Inoltre, Bonomo ha avanzato richiesta all’Amministrazione di intervenire con estrema urgenza sul tratto di Forte Vigliena impedito nei giorni scorsi all’accesso per motivi di sicurezza. “Il cedimento di una parte di ringhiera – queste le parole di Buonomo- ha giustamente indotto la Giunta Comunale a far delimitare il punto della scalinata. Un fatto però, questo, che va affrontato con estrema risolutezza. Siamo appena all’inizio della stagione turistica. Impedire la splendida vista del mare ai visitatori di Ortigia e ai siracusani sarebbe un vero sacrilegio. Ho chiesto pertanto al sindaco di poter intervenire con urgenza anche attingendo dal suo fondo di riserva”.

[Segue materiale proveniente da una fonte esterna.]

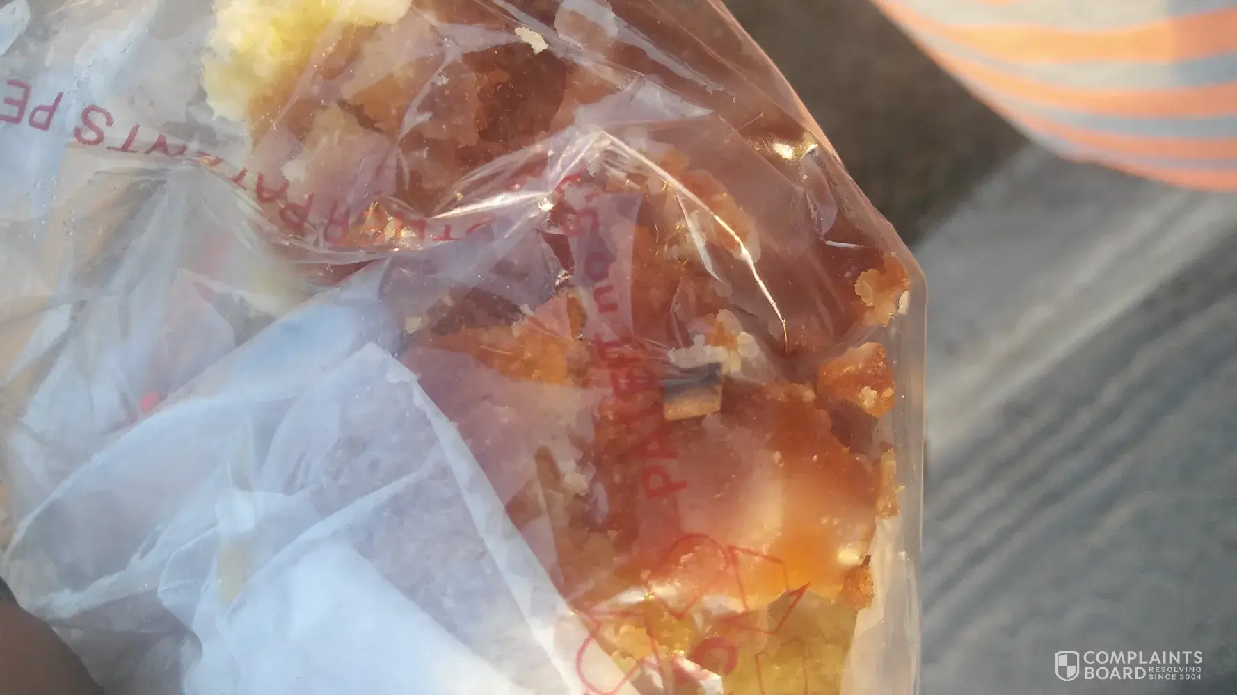I purchased a donut on November 8th 2011 I was eating it with my goddaughter luckily the piece with the rubber in it and my mouth here is a photo I'm going to attach of the piece of rubber that got stuck on my chipped tooth in the back of my mouth. I put it back in the bag to return it to the store. I was trying to keep it short and simple but they say my statement is too short and y'all might not look at it but this is serious what is a short paragraph or a long paragraph you should read it this piece of rubber got stuck in the back of my tooth that's chip I was feeding my goddaughter this donut likely put the piece with the rubber in my mouth and not her mouth when she would choke on it you know what you all have a blessed day and hopefully no one comes across anything else like this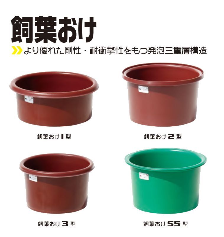 飼葉おけ1型 | 50 | 540 | 530 | 255 | 7.0 | 4.3 | ブラウン | 発泡三重層 |

Ieri, durante la discussione sul punto riguardante il nuovo “Regolamento per l’alienazione del patrimonio immobiliare del Comune” è infatti mancato il numero legale. E’ stato il proponente, Laura Spataro, ad introdurre il provvedimento che disciplina la vendita dei beni immobili facenti parte del patrimonio disponibile ed indisponibile dell’Ente, nonché dei beni sdemanializzati e dei diritti reali costituiti sugli stessi. “Ad oggi- ha detto tra l’altro Spataro- il Comune non è dotato di questo strumento che, improntato a criteri di trasparenza e pubblicità, rende altresì più snelle le procedure di alienazione garantendo le scelte più convenienti per l’Amministrazione”. Rispetto al testo originario, il Piano è giunto in aula con emendamenti migliorativi della I Commissione consiliare “Che- ha sottolineato il vice presidente Andrea Buccheri- mettono in evidenza i criteri di trasparenza, pubblicità ed accelerazione dell’iter procedurale, richiamando il rispetto del Codice dei beni culturali e del paesaggio”.
Si torna in Aula oggi alle 18.30.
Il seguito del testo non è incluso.